• _WORK INSTRUCTIONS_
Copy every record exactly as it stands. Leave the pictures out.

• _RAW DATA_

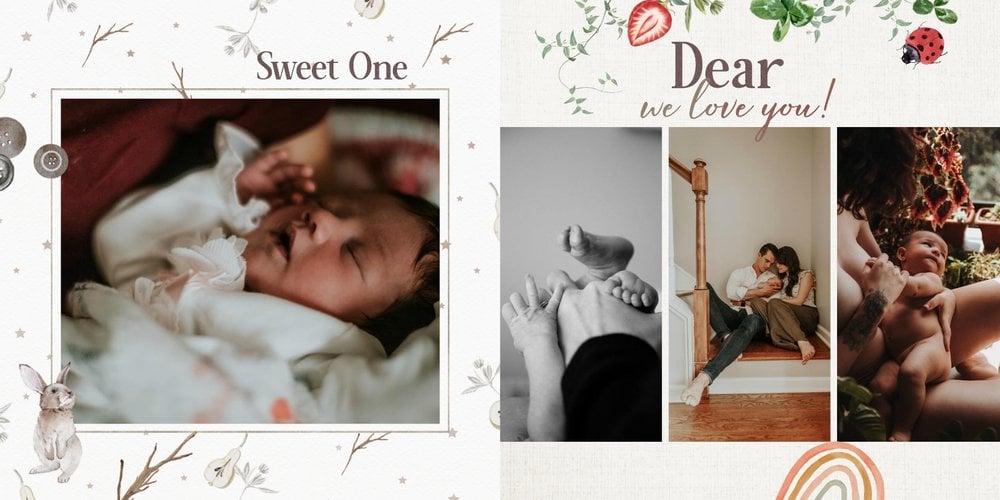 Szablon "Wspomnienia z dzieciństwa" jest idealny do tworzenia fotoalbumu z codziennych zwykłych-niezwykłych momentów malucha. Nie tylko udekoruje on wszystkie słodkie wspomnienia, ale także stworzy niepowtarzalną opowieść, którą będziecie wspólnie odkrywać przez kolejne lata.
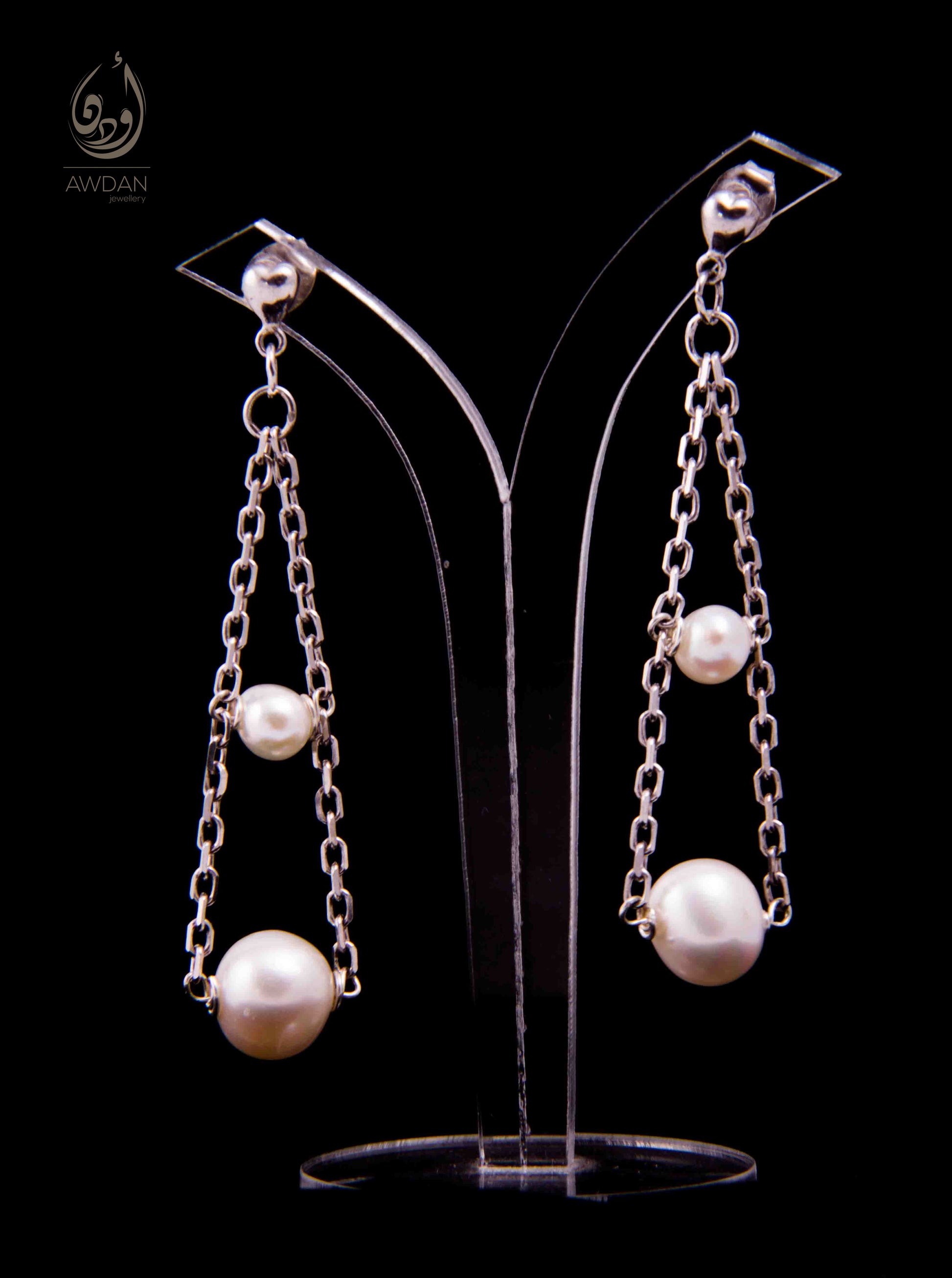 Two silver chains placed side by side, elegantly holding two pearl beads forming a stylish triangular shape. This unique design combines sophistication and modern elegance, making them a captivating accessory to elevate any outfit.
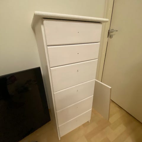 Korkea lipasto kuudella laatikolla. Vetimet tulee mukaan. Maalattu, maali osittain kulunut joistain kohdin. Yleisilme suht siisti.
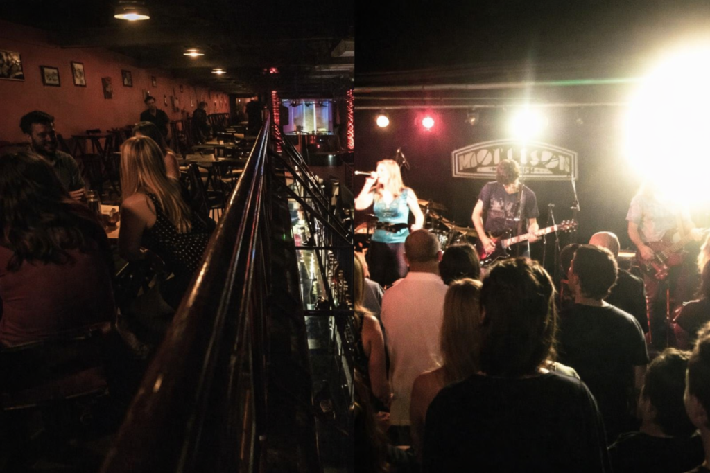 Bar de rock com palco bem próximo do público
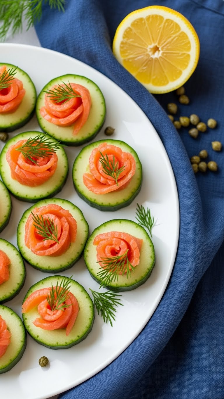 Arrange on a white platter with lemon wedges and extra dill. Pair with chilled white wine or sparkling water with cucumber slices. Store covered in the fridge up to 24 hours. Make ahead and assemble same day for best texture. These are classy bites for seaside or garden picnics.
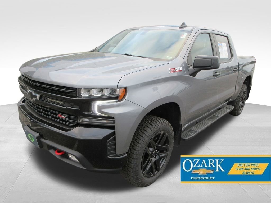 New Tires, Silverado 1500 LT Trail Boss, 4D Crew Cab, EcoTec3 5.3L V8, 10-Speed Automatic, 4WD, Satin Steel Metallic, Black Cloth, 10-Way Power Driver Seat w/Lumbar, Apple CarPlay/Android Auto, Heated Driver & Front Outboard Passenger Seats, Hitch Guidance, Remote Vehicle Starter System, Trailering Package. Trailering Package (Hitch Guidance), Cloth Rear Seat w/Storage Package, Convenience Package w/Buckets Seats (10-Way Power Driver Seat w/Lumbar, Heated Driver & Front Outboard Passenger Seats, Dual-Zone Automatic Climate Control, Floor Mounted Center Console, Heated Steering Wheel, and Manual Tilt/Telescoping Steering Column), Preferred Equipment Group 2LT (Remote Vehicle Starter System, 12-Volt Rear Auxiliary Power Outlet, 170 Amp Alternator, 2 USB Ports (First Row), 4.2 Diagonal Color Display Driver Info Center, 4G LTE Wi-Fi Hot Spot Capable, 6-Speaker Audio System, All-Weather Floor Liner (LPO) (AAK), Auto-Locking Rear Differential, Auxiliary External Transmission Oil Cooler, Bluetooth® For Phone, Chevrolet Connected Access Capable, Color-Keyed Carpeting Floor Covering, Compass, Deep-Tinted Glass, Dual Exhaust w/Polished Outlets, Electric Rear-Window Defogger, Electrical Lock Control Steering Column, Electronic Cruise Control, EZ Lift Power Lock & Release Tailgate, Front LED Fog Lamps, High Gloss Black Grille, High Gloss Black Mirror Caps, Keyless Open & Start, Leather Wrapped Steering Wheel, LED Cargo Area Lighting, LED Reflector Headlamps, OnStar & Chevrolet Connected Services Capable, Performance Red Recovery Hooks, Power Door Locks, Power Front Windows w/Driver Express Up/Down, Power Front Windows w/Passenger Express Down, Power Rear Windows w/Express Down, Rear Dual USB Charging-Only Ports, Rear Vision Camera, SiriusXM Radio, Standard Tailgate, Steering Wheel Audio Controls, and Theft Deterrent System (Unauthorized Entry)), Suspension Package (Heavy-Duty Air Filter and Hill Descent Control), Silverado 1500 LT Trail Boss, 4D Crew Cab, EcoTec3 5.3L V8, 10-Speed Automatic, 4WD, Satin Steel Metallic, Black Cloth, Apple CarPlay/Android Auto, 3.23 Rear Axle Ratio, 4-Wheel Disc Brakes, 6 Speakers, 6 Black Tubular Assist Steps (LPO), ABS brakes, Air Conditioning, Alloy wheels, AM/FM radio: SiriusXM, Automatic temperature control, Brake assist, Cloth Seat Trim, Delay-off headlights, Driver door bin, Driver vanity mirror, Dual front impact airbags, Dual front side impact airbags, Electronic Stability Control, Front anti-roll bar, Front Bucket Seats, Front Center Armrest w/Storage, Front dual zone A/C, Front fog lights, Front License Plate Kit, Front reading lights, Front wheel independent suspension, Fully automatic headlights, Heated door mirrors, Heated front seats, Heated steering wheel, Illuminated entry, Integrated Trailer Brake Controller, Low tire pressure warning, Not Equipped w/Automatic Stop/Start, Occupant sensing airbag, Off-Road Suspension w/2 Lift, Outside temperature display, Overhead airbag, Overhead console, Panic alarm, Passenger door bin, Passenger vanity mirror, Power door mirrors, Power driver seat, Power steering, Power windows, Premium audio system: Chevrolet Infotainment 3, Radio data system, Radio: Chevrolet Infotainment 3 System, Rear reading lights, Rear seat center armrest, Rear step bumper, Rear window defroster, Remote keyless entry, Security system, Speed control, Speed-sensing steering, Split folding rear seat, Steering wheel mounted audio controls, Tachometer, Telescoping steering wheel, Tilt steering wheel, Traction control, Trip computer, Variably intermittent wipers, Voltmeter, Wheels: 18 x 8.5 Black Painted Aluminum, and Wheels: 20 x 9 High Gloss Black Painted Alum. 2021 Chevrolet Silverado 1500 LT Trail Boss 4WD 10-Speed Automatic EcoTec3 5.3L V8 Recent Arrival!
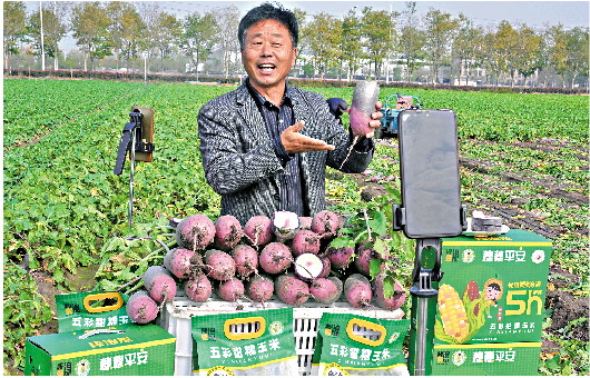 11月11日,在青岛市即墨区起戈庄村的“冰激凌”水果萝卜种植基地,村支书网上直播卖萝卜。
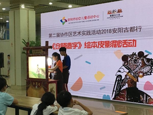 观看安阳市妇女儿童活动中心“墨墨绘本馆”的老师表演 《仓颉造字》绘本皮影剧;
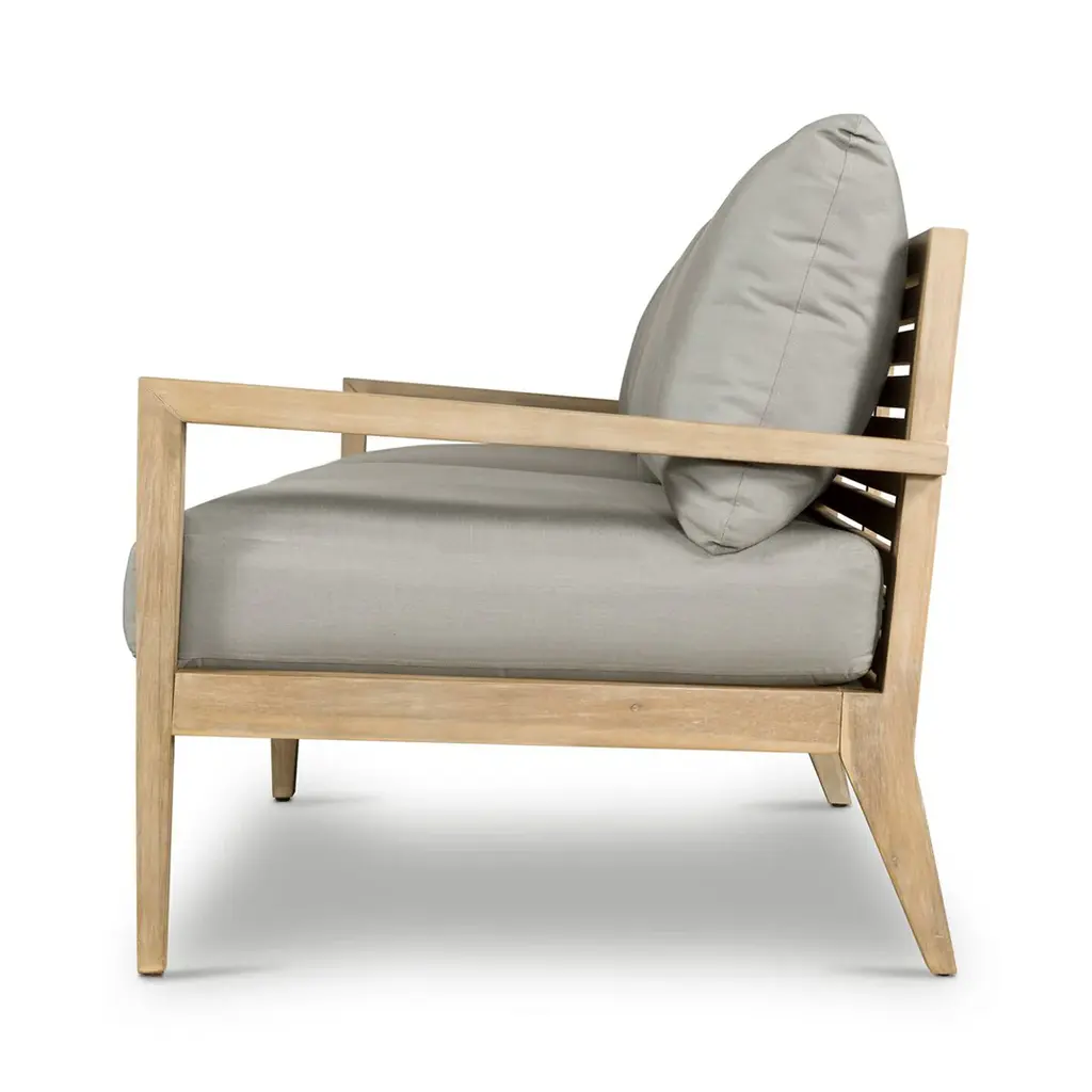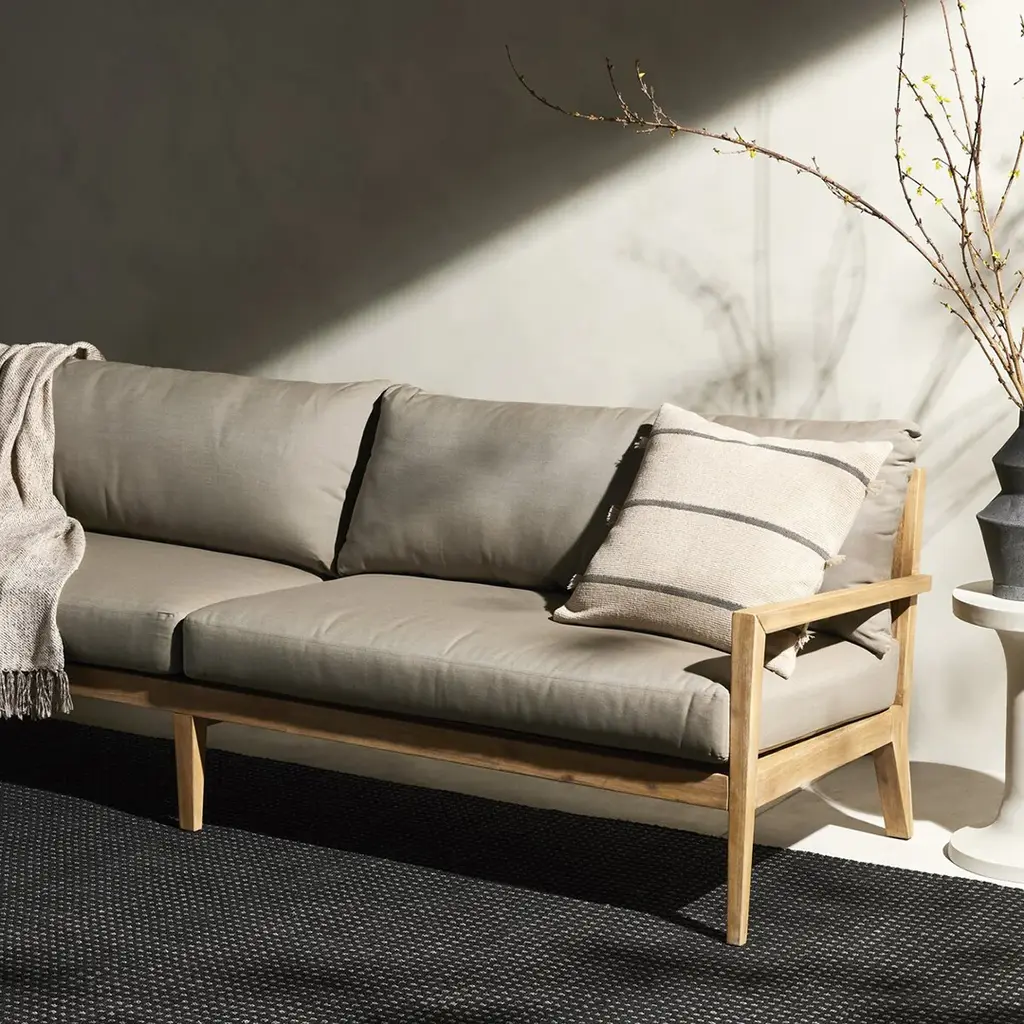 Simple yet sleek in muted natural tones, this outdoor sofa channels a transitional design crafted from solid FSC-certified acacia. Horizontal slats frame the back. Accented by a box seat cushion with velcro attachments, finished with a knife-edge back cushion. Cover or store indoors during inclement weather and when not in use. Ships In 10-14 Business Days All-weather cushion Slatted back Natural acacia frame This image is for illustrative purposes only. The colors shown are accurate within the constraints of lighting, photography, and the color accuracy of your screen.

• _RESULT OF THE EXERCISE_
 Szablon "Wspomnienia z dzieciństwa" jest idealny do tworzenia fotoalbumu z codziennych zwykłych-niezwykłych momentów malucha. Nie tylko udekoruje on wszystkie słodkie wspomnienia, ale także stworzy niepowtarzalną opowieść, którą będziecie wspólnie odkrywać przez kolejne lata.
 Two silver chains placed side by side, elegantly holding two pearl beads forming a stylish triangular shape. This unique design combines sophistication and modern elegance, making them a captivating accessory to elevate any outfit.
 Korkea lipasto kuudella laatikolla. Vetimet tulee mukaan. Maalattu, maali osittain kulunut joistain kohdin. Yleisilme suht siisti.
 Bar de rock com palco bem próximo do público
 Arrange on a white platter with lemon wedges and extra dill. Pair with chilled white wine or sparkling water with cucumber slices. Store covered in the fridge up to 24 hours. Make ahead and assemble same day for best texture. These are classy bites for seaside or garden picnics.
 New Tires, Silverado 1500 LT Trail Boss, 4D Crew Cab, EcoTec3 5.3L V8, 10-Speed Automatic, 4WD, Satin Steel Metallic, Black Cloth, 10-Way Power Driver Seat w/Lumbar, Apple CarPlay/Android Auto, Heated Driver & Front Outboard Passenger Seats, Hitch Guidance, Remote Vehicle Starter System, Trailering Package. Trailering Package (Hitch Guidance), Cloth Rear Seat w/Storage Package, Convenience Package w/Buckets Seats (10-Way Power Driver Seat w/Lumbar, Heated Driver & Front Outboard Passenger Seats, Dual-Zone Automatic Climate Control, Floor Mounted Center Console, Heated Steering Wheel, and Manual Tilt/Telescoping Steering Column), Preferred Equipment Group 2LT (Remote Vehicle Starter System, 12-Volt Rear Auxiliary Power Outlet, 170 Amp Alternator, 2 USB Ports (First Row), 4.2 Diagonal Color Display Driver Info Center, 4G LTE Wi-Fi Hot Spot Capable, 6-Speaker Audio System, All-Weather Floor Liner (LPO) (AAK), Auto-Locking Rear Differential, Auxiliary External Transmission Oil Cooler, Bluetooth® For Phone, Chevrolet Connected Access Capable, Color-Keyed Carpeting Floor Covering, Compass, Deep-Tinted Glass, Dual Exhaust w/Polished Outlets, Electric Rear-Window Defogger, Electrical Lock Control Steering Column, Electronic Cruise Control, EZ Lift Power Lock & Release Tailgate, Front LED Fog Lamps, High Gloss Black Grille, High Gloss Black Mirror Caps, Keyless Open & Start, Leather Wrapped Steering Wheel, LED Cargo Area Lighting, LED Reflector Headlamps, OnStar & Chevrolet Connected Services Capable, Performance Red Recovery Hooks, Power Door Locks, Power Front Windows w/Driver Express Up/Down, Power Front Windows w/Passenger Express Down, Power Rear Windows w/Express Down, Rear Dual USB Charging-Only Ports, Rear Vision Camera, SiriusXM Radio, Standard Tailgate, Steering Wheel Audio Controls, and Theft Deterrent System (Unauthorized Entry)), Suspension Package (Heavy-Duty Air Filter and Hill Descent Control), Silverado 1500 LT Trail Boss, 4D Crew Cab, EcoTec3 5.3L V8, 10-Speed Automatic, 4WD, Satin Steel Metallic, Black Cloth, Apple CarPlay/Android Auto, 3.23 Rear Axle Ratio, 4-Wheel Disc Brakes, 6 Speakers, 6 Black Tubular Assist Steps (LPO), ABS brakes, Air Conditioning, Alloy wheels, AM/FM radio: SiriusXM, Automatic temperature control, Brake assist, Cloth Seat Trim, Delay-off headlights, Driver door bin, Driver vanity mirror, Dual front impact airbags, Dual front side impact airbags, Electronic Stability Control, Front anti-roll bar, Front Bucket Seats, Front Center Armrest w/Storage, Front dual zone A/C, Front fog lights, Front License Plate Kit, Front reading lights, Front wheel independent suspension, Fully automatic headlights, Heated door mirrors, Heated front seats, Heated steering wheel, Illuminated entry, Integrated Trailer Brake Controller, Low tire pressure warning, Not Equipped w/Automatic Stop/Start, Occupant sensing airbag, Off-Road Suspension w/2 Lift, Outside temperature display, Overhead airbag, Overhead console, Panic alarm, Passenger door bin, Passenger vanity mirror, Power door mirrors, Power driver seat, Power steering, Power windows, Premium audio system: Chevrolet Infotainment 3, Radio data system, Radio: Chevrolet Infotainment 3 System, Rear reading lights, Rear seat center armrest, Rear step bumper, Rear window defroster, Remote keyless entry, Security system, Speed control, Speed-sensing steering, Split folding rear seat, Steering wheel mounted audio controls, Tachometer, Telescoping steering wheel, Tilt steering wheel, Traction control, Trip computer, Variably intermittent wipers, Voltmeter, Wheels: 18 x 8.5 Black Painted Aluminum, and Wheels: 20 x 9 High Gloss Black Painted Alum. 2021 Chevrolet Silverado 1500 LT Trail Boss 4WD 10-Speed Automatic EcoTec3 5.3L V8 Recent Arrival!
 11月11日,在青岛市即墨区起戈庄村的“冰激凌”水果萝卜种植基地,村支书网上直播卖萝卜。
 观看安阳市妇女儿童活动中心“墨墨绘本馆”的老师表演 《仓颉造字》绘本皮影剧;
 Simple yet sleek in muted natural tones, this outdoor sofa channels a transitional design crafted from solid FSC-certified acacia. Horizontal slats frame the back. Accented by a box seat cushion with velcro attachments, finished with a knife-edge back cushion. Cover or store indoors during inclement weather and when not in use. Ships In 10-14 Business Days All-weather cushion Slatted back Natural acacia frame This image is for illustrative purposes only. The colors shown are accurate within the constraints of lighting, photography, and the color accuracy of your screen.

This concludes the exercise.